Select, Hypothesize and Verify: Towards Verified Neuron Concept Interpretation

arXiv cs.CV / 3/27/2026

💬 OpinionSignals & Early TrendsIdeas & Deep AnalysisModels & Research

Key Points

  • The paper highlights limitations of existing neuron-interpretation methods that rely on natural-language concept generation, noting that neurons can be redundant or misleading, causing misinterpretations.
  • It introduces a verification step that checks whether a generated concept actually corresponds to the neuron's functionality by requiring high activation from relevant samples.
  • The proposed Select-Hypothesize-Verify framework selects activation-rich samples via activation-distribution analysis, formulates concept hypotheses, and then verifies concept-to-neuron fidelity.
  • Experiments indicate improved concept accuracy, with generated concepts triggering the target neuron with roughly 1.5× the probability compared with current state-of-the-art approaches.

Abstract

It is essential for understanding neural network decisions to interpret the functionality (also known as concepts) of neurons.
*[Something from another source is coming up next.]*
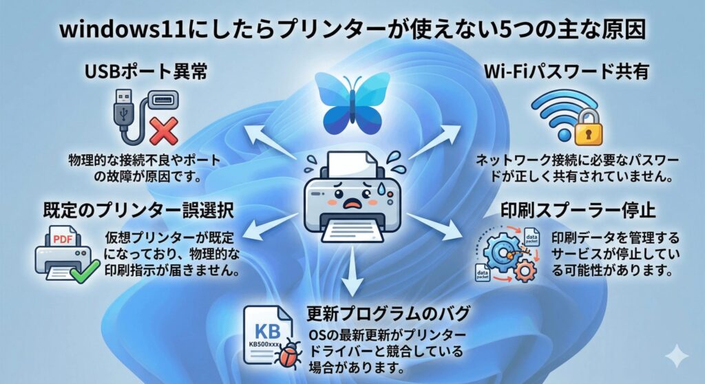 「設定がおかしいの?」「プリンターが壊れたのかな?」と不安になるかもですが、実はOSの仕様変更が原因になっていることが多いんです。まずは、なぜ突然印刷できなくなるのか、その代表的な原因を5つ紹介しますね。

Existing approaches describe neuron concepts by generating natural language descriptions, thereby advancing the understanding of the neural network's decision-making mechanism. However, these approaches assume that each neuron has well-defined functions and provides discriminative features for neural network decision-making. In fact, some neurons may be redundant or may offer misleading concepts. Thus, the descriptions for such neurons may cause misinterpretations of the factors driving the neural network's decisions. To address the issue, we introduce a verification of neuron functions, which checks whether the generated concept highly activates the corresponding neuron. Furthermore, we propose a Select-Hypothesize-Verify framework for interpreting neuron functionality. This framework consists of: 1) selecting activation samples that best capture a neuron's well-defined functional behavior through activation-distribution analysis; 2) forming hypotheses about concepts for the selected neurons; and 3) verifying whether the generated concepts accurately reflect the functionality of the neuron. Extensive experiments show that our method produces more accurate neuron concepts. Our generated concepts activate the corresponding neurons with a probability approximately 1.5 times that of the current state-of-the-art method.